A simple, poetry-first workshop app built with React.
npm install @harleenserai/poetry-readerA simple, poetry-first workshop app built with React.
This repository contains the reader engine only — the part that displays poems, lets readers move through them one at a time and email feedback.
Poems themselves and editorial curation live in private folders/repositories and are compiled into the reader at build time. A small demo is included so the reader works out of the box.
If you’d like to use this reader to put your own poems on the web, see “Adding your own poems” below for simple setup instructions.
Displays one poem at a time
Preserves line breaks and spacing exactly
Uses a quiet, book-like layout
Supports sections and ordering via simple files
Builds to a static site (no server required)
Optionally supports email-based workshop feedback
A demo set of poems
A basic reader layout (navigation + poem view)
An explore view for browsing sections and motifs
A build step that prepares poems for the reader
A minimal, CSS-first design intended to stay out of the way
``bash`
npm install
npm run build:content
npm run dev
If you’d like to use this reader to put your own poems on the web, follow the steps below. Example files are included in the demo/` folder. Refer to those files for concrete examples of poems, sections, and navigation.
HOW IT WORKS
You create: Poem files (.md or .txt) ; Section files (YAML) ; Navigation file (YAML) [See demo folder]
You run: Build step
You host: Static poetry reader with your own content
Step 1: Add your poem files to content.
- Create a folder called "content" inside the root of poetry-reader.

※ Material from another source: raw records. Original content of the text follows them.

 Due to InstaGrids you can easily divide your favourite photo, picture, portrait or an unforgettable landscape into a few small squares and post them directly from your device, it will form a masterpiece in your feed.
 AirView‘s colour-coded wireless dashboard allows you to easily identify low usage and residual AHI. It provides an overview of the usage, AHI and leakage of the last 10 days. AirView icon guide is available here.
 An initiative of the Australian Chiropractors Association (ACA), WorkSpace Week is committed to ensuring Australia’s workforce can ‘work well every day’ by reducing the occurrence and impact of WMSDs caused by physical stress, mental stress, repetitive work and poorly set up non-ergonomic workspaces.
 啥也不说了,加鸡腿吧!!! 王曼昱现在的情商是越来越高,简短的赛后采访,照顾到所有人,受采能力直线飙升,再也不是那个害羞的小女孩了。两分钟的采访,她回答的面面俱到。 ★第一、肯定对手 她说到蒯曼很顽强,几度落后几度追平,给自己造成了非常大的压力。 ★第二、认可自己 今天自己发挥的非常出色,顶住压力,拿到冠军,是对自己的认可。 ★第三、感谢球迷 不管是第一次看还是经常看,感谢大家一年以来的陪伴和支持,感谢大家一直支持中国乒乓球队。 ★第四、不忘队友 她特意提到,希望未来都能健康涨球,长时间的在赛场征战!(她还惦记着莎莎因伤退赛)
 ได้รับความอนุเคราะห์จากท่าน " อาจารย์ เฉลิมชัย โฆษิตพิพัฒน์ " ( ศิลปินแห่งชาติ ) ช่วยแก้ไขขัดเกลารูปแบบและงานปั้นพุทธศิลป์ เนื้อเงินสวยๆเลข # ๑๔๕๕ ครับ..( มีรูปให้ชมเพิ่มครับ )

- Inside Content folder you need a "curation" folder, and a "poems" or "translation" folder
- Add your poems as .md or .txt files into the Poems folder.

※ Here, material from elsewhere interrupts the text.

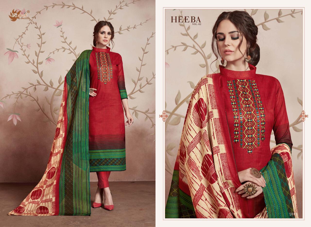 HEEBA-2 By AADESH NX RATE ? - 625/- Top ?-Pure cotton print with embroidery Bottom- semilawn 2.5 mtr Duptta- cotton mal -mal Packed in ? bag Delivery - Running. Set To Set. GST 5 Percent Extra |
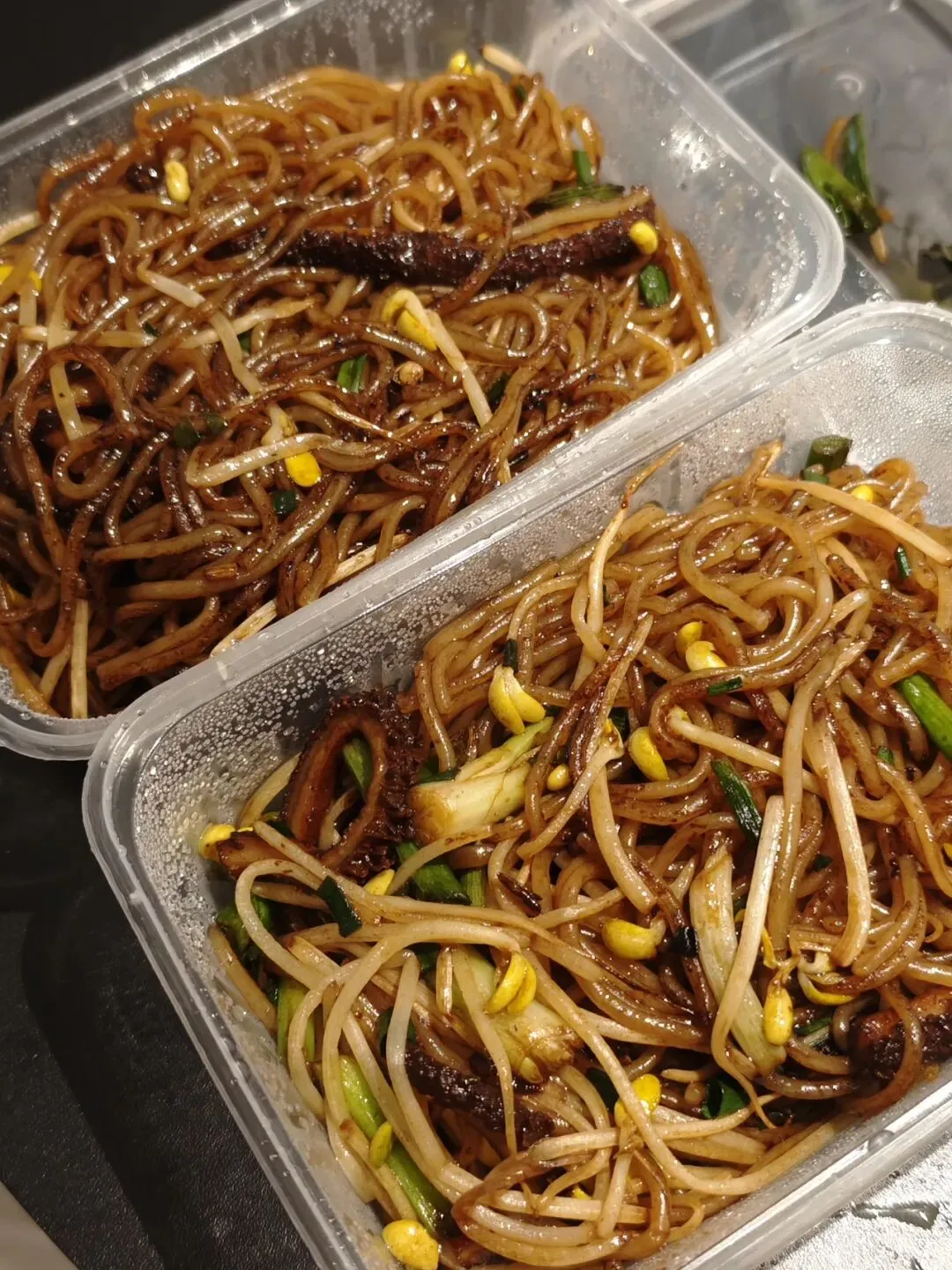 中午饭的时候点了炒粉的外卖,感觉有点踩雷不是很好吃。然后准备退房的时候还买了烧饼的外卖带去高铁站吃。真的很爱吃烧饼,这次除了点白糖烧饼我还点了个香辣牛肉味的,也好吃!对我来说不是狠辣~

Note: Line breaks and spacing are preserved exactly as written. Poems may optionally include front matter for metadata. The poem’s title is taken from the poem itself.

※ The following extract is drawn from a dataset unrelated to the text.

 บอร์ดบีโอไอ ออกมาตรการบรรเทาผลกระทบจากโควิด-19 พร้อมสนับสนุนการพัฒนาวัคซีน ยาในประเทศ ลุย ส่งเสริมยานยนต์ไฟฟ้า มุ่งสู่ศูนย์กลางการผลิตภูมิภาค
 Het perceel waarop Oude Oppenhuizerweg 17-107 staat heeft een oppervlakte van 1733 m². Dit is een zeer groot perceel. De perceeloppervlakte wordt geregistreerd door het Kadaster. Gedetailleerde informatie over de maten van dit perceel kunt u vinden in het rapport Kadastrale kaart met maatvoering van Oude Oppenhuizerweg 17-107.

Step 2: Create a navigation file in curation folder.
Create a navigation file that lists which sections appear in the reader. See example file at poetry-reader/demo/curation
Step 3: Create section files
Create YAML files that group poems into sections and define their reading order. See example file at poetry-reader/demo/curation
Step 4: Build the reading model
Run: npm run build:content
This prepares your poems for the reader.
Step 5: Run the reader
Run: npm run dev
Your poems will appear in the reader layout.
Step 6: You can add, remove, or reorder poems by editing the YAML files.
No database or server is required.
The reader is intentionally minimal so the poems remain the focus.